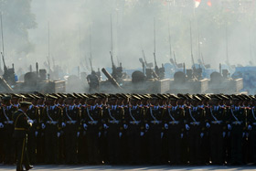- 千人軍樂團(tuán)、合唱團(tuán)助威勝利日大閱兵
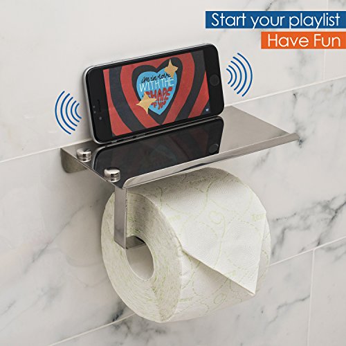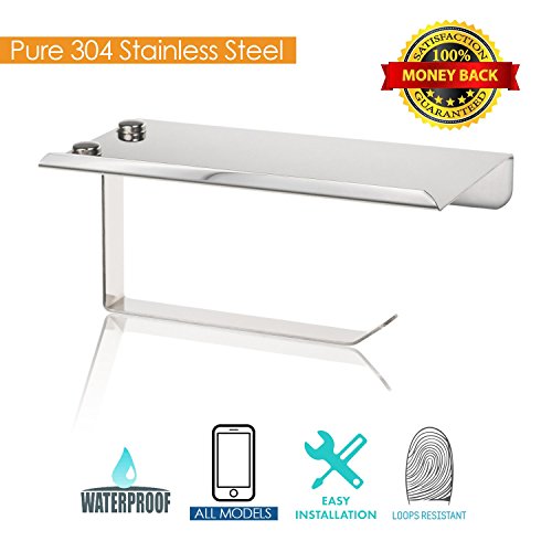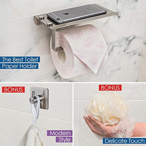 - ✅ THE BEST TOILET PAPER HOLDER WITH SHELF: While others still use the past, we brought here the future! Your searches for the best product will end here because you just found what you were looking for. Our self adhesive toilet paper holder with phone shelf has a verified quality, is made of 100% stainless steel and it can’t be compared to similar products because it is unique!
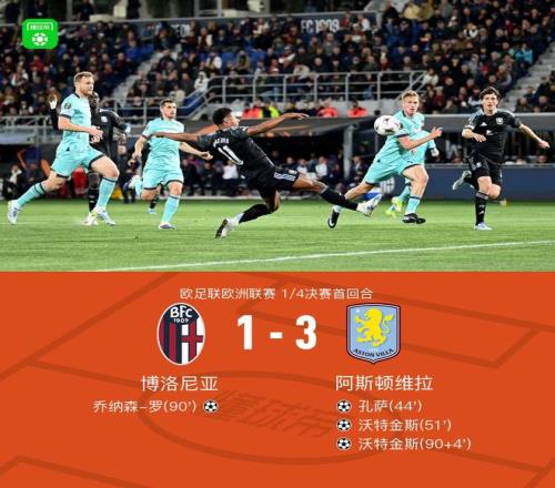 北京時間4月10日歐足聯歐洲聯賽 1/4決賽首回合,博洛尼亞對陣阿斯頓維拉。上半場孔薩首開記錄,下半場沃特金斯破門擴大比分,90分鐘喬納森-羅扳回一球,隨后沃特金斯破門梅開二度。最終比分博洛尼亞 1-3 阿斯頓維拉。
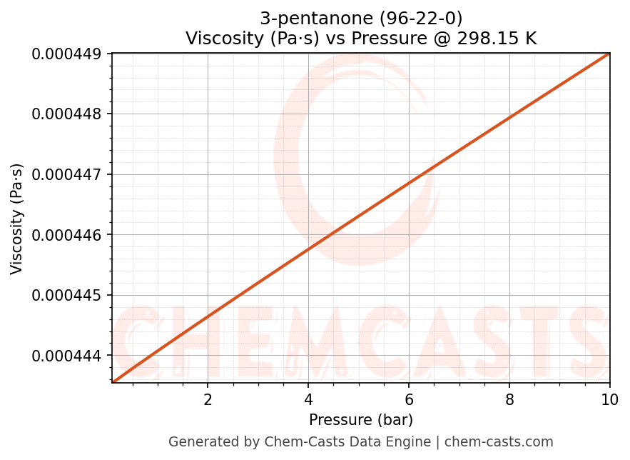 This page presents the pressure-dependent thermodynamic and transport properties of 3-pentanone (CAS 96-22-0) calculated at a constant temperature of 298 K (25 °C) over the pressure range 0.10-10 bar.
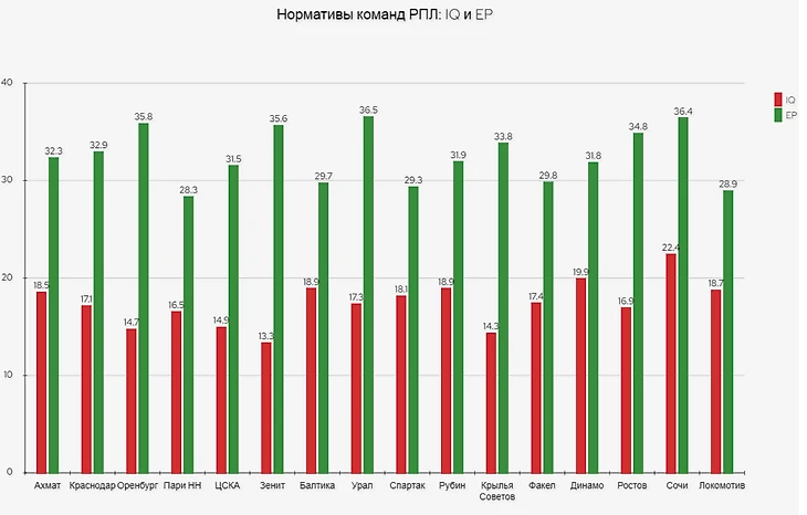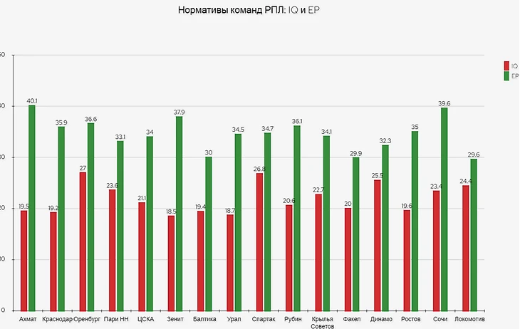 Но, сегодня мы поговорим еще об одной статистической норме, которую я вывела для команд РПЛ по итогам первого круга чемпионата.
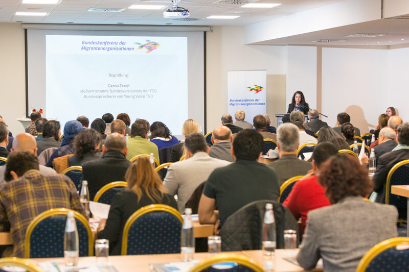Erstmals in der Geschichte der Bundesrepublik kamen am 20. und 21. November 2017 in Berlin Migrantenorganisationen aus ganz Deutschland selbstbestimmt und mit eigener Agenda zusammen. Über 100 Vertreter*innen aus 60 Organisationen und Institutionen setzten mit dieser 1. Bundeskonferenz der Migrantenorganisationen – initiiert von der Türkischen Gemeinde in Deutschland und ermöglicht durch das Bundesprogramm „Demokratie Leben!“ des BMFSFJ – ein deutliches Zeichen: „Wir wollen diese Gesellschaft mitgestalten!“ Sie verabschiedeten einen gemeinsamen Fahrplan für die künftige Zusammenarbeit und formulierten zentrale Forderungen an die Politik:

--- --- ---

PROBLEM TO SOLVE
An exact copy of all the entries is required, and it must contain no pictures.

EXERCISE OUTPUT
- 千人軍樂團(tuán)、合唱團(tuán)助威勝利日大閱兵
 - ✅ THE BEST TOILET PAPER HOLDER WITH SHELF: While others still use the past, we brought here the future! Your searches for the best product will end here because you just found what you were looking for. Our self adhesive toilet paper holder with phone shelf has a verified quality, is made of 100% stainless steel and it can’t be compared to similar products because it is unique!
 北京時間4月10日歐足聯歐洲聯賽 1/4決賽首回合,博洛尼亞對陣阿斯頓維拉。上半場孔薩首開記錄,下半場沃特金斯破門擴大比分,90分鐘喬納森-羅扳回一球,隨后沃特金斯破門梅開二度。最終比分博洛尼亞 1-3 阿斯頓維拉。
 This page presents the pressure-dependent thermodynamic and transport properties of 3-pentanone (CAS 96-22-0) calculated at a constant temperature of 298 K (25 °C) over the pressure range 0.10-10 bar.
 Но, сегодня мы поговорим еще об одной статистической норме, которую я вывела для команд РПЛ по итогам первого круга чемпионата.
Erstmals in der Geschichte der Bundesrepublik kamen am 20. und 21. November 2017 in Berlin Migrantenorganisationen aus ganz Deutschland selbstbestimmt und mit eigener Agenda zusammen. Über 100 Vertreter*innen aus 60 Organisationen und Institutionen setzten mit dieser 1. Bundeskonferenz der Migrantenorganisationen – initiiert von der Türkischen Gemeinde in Deutschland und ermöglicht durch das Bundesprogramm „Demokratie Leben!“ des BMFSFJ – ein deutliches Zeichen: „Wir wollen diese Gesellschaft mitgestalten!“ Sie verabschiedeten einen gemeinsamen Fahrplan für die künftige Zusammenarbeit und formulierten zentrale Forderungen an die Politik:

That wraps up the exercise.